If it’s Wednesday, it must be Lariam
[Lariam, of course, is the malaria-prevention pill we take every Wednesday (starting a week before Mali, and ending four weeks after Benin). It doesn’t seem to have had much side effects this time — maybe a little less sleep. No wild dreams, though.]
We’re in Niamey, Niger, and I’m having the best Internet experience I’ve had in awhile — fast connection, $1/hour, US keyboard, right next to the hotel. It may be the last for two weeks — Agadez, the jumping-off point into the desert probably is as well connected as, say, Timbuktu.
Yesterday we drove down to the village of Tiebele in Burkina Faso near the Ghana border. Villages in the area are made up of little family compounds, each with a handful of two-room buildings housing a couple. Many of them have distinctive paintings on the outside. As we toured one, the lady of the house had just ground a bunch of peanuts into delicious-smelling peanut butter.

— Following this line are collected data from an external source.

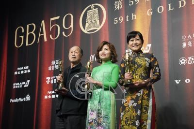 第59屆廣播金鐘獎頒獎典禮12日晚間登場,寶島客家廣播電台節目「神曲越南」榮獲類型音樂節目獎,主持人黎清映娟(中)、宋菁玲(右)及寶島客家電台副董事長黃永達(左)開心合影。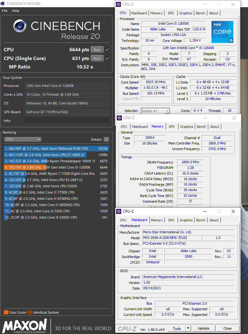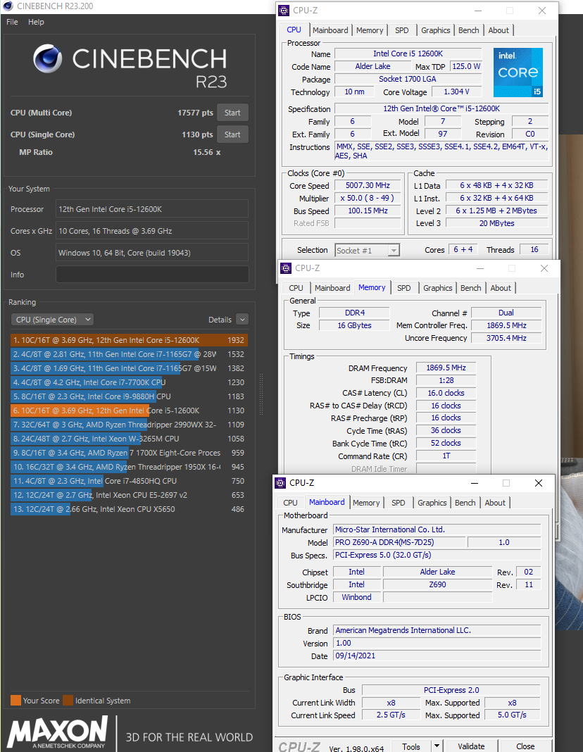 Core i5-12600K + MSI Pro Z690-A DDR4 (bios 1.00) + Windows 10. P-Cores - 5000 E-Cores - 3700 Ring - 3700 Gear 1 DRAM 133 DDR4-3700 16-16-16-36-52-1T (ещё в процессе прощупывания разгонного потенциала).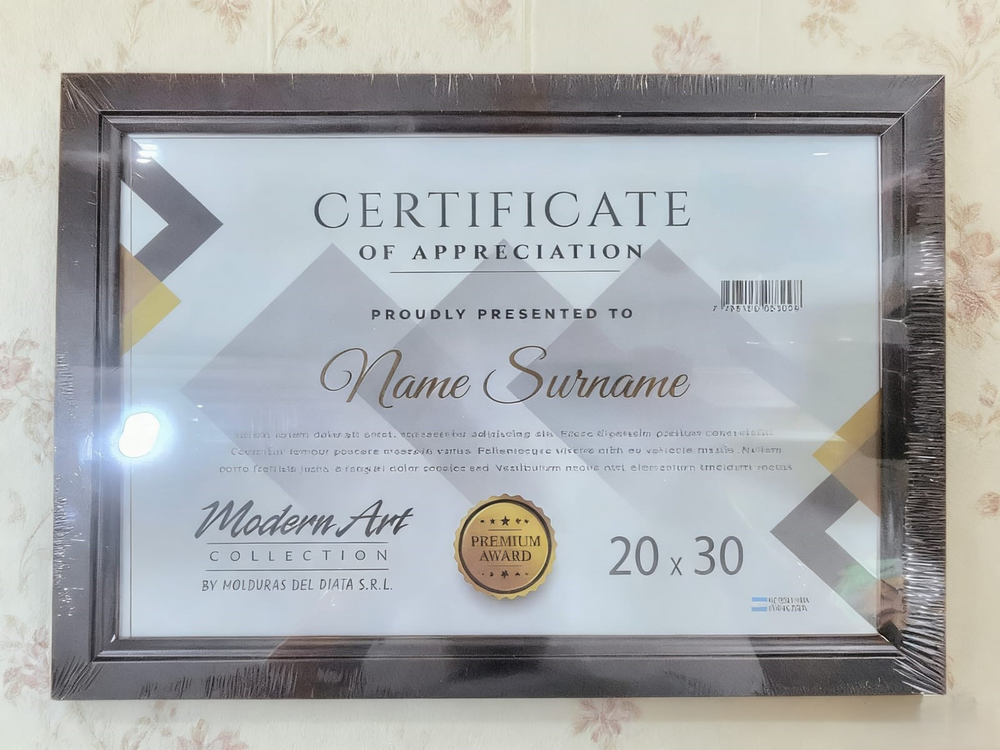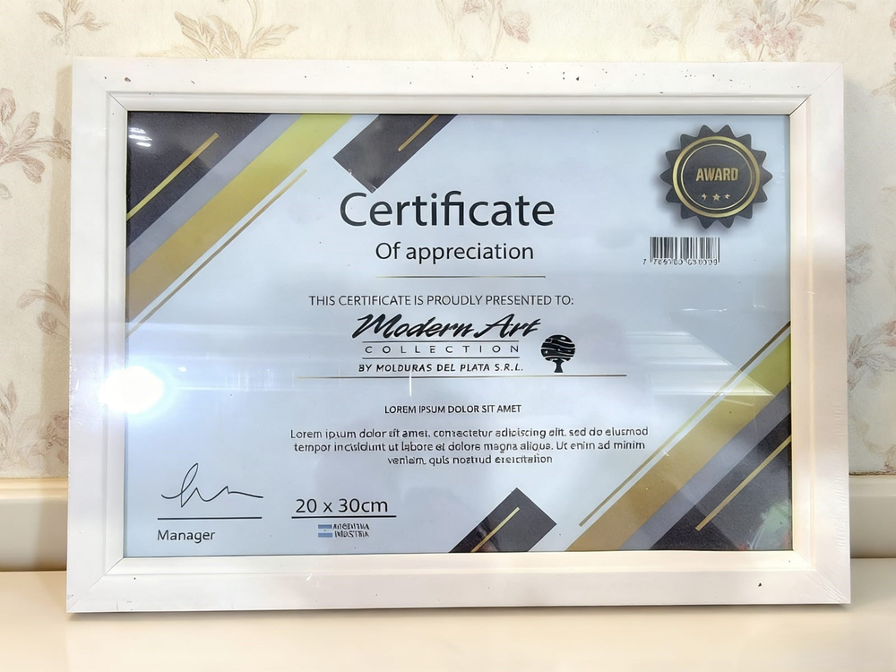 Portaretrato de marco madera, para certificado de diploma, linea modena oro, tamaño:20*30cm. color:blanco-negro.

Back in Ouagadougou, we went to the Musee de la Musique. After touring a series of small dusty rooms with ancient instruments that couldn’t be touched or heard, we were led into an auditorium where a live band performed on many of the instruments we’d seen. It really put Santa Cruz drum circles to shame — these guys were great. As well as drums, there were xylophones, flutes, and guitar-like instruments.
Our guide took us to his favorite street cook, who served us manioc paste, gumbo sauce, fish, and mutton. It was delicious, and dinner for the four of us set us back $5. Then we went to a club to hear more great drumming, including the flute player from earlier in the afternoon.

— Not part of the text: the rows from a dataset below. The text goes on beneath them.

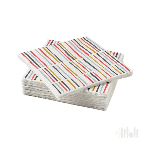اندازه دستمال کاغذی ایکیا طول: ۲۴ سانتیمتر – عرض: ۲۴ سانتیمتر است هر بسته دستمال کاغذی شامل ۳۰ عدد است.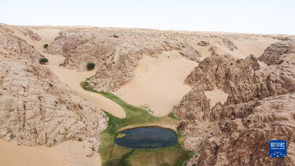 这是7月12日拍摄的阿拉善大漠天池景区风光(无人机照片)。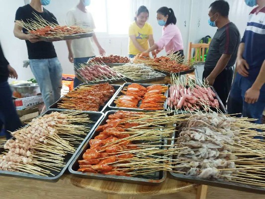 當晚霞退去,華燈初放的傍晚來臨,白天的活動和會議落下帷幕,美食狂歡開始了,幾十臺燒烤爐在宿舍前的廣場上一字排開,一陣陣濃濃的香味飄在夜空,工友們穿梭來往,挑選著自己喜愛的食材,或三個一群,或五個一堆,吃著自己親自動手的燒烤,喝著清涼的啤酒飲料,談論著一天的感受和對未來的憧憬。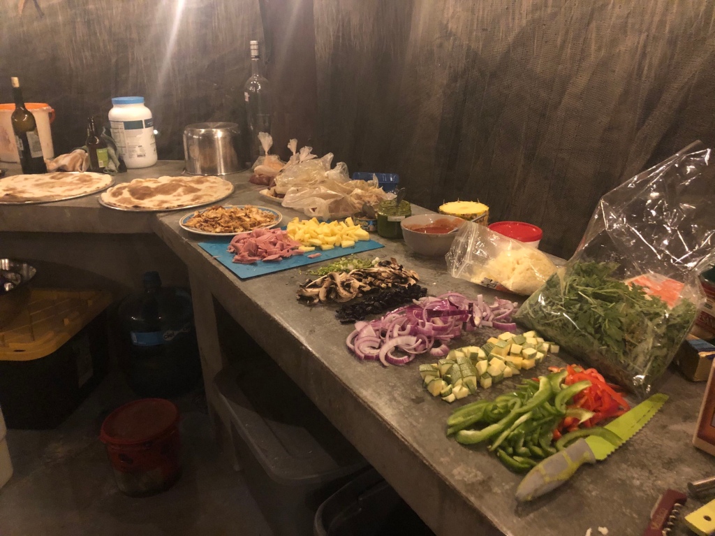 Shortly after, Hanno and Kerstin joined us at the top and the group was complete. Sabrina made an extensive amount of pizzas, and Hanno and I set about cutting up the toppings. With the bases pre-baked, we made a selection of different pizza ready to go back into the oven for a final cook.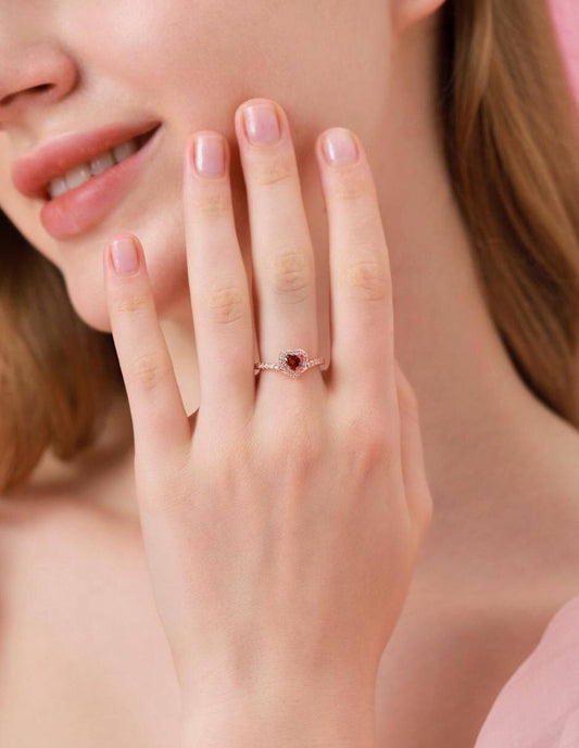 Anillo Pandora Corazón Rojo Brillante en Rose Gold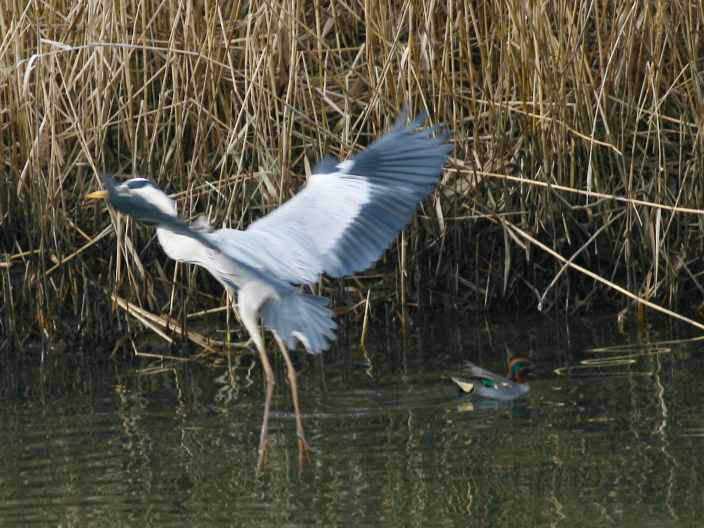 2007年 コガモ 005 戻る 撮影(01/21) 掲載(01/24) このようにアオサギは平気でコガモの近くに下り立ちますし、コガモもちょっと移 動するだけで実に平静です。 (Canon) EOS Kiss Digital X EF 200mm F2.8L U USM + (KENKO)1.4X DIGITAL TELEPLUS PRO 300

We’re basically done touring — now it’s really just transportation with the guide and driver. Still, it’s only six or seven hours a day of driving, and staying at nice hotels. On Sunday we’ll leave Agadez on a 13-day camping trip to see the Air mountains, the Tenere desert, and if all goes well, the eclipse. The trip so far has been hot, and will only get hotter, but it beats the snow in Paris.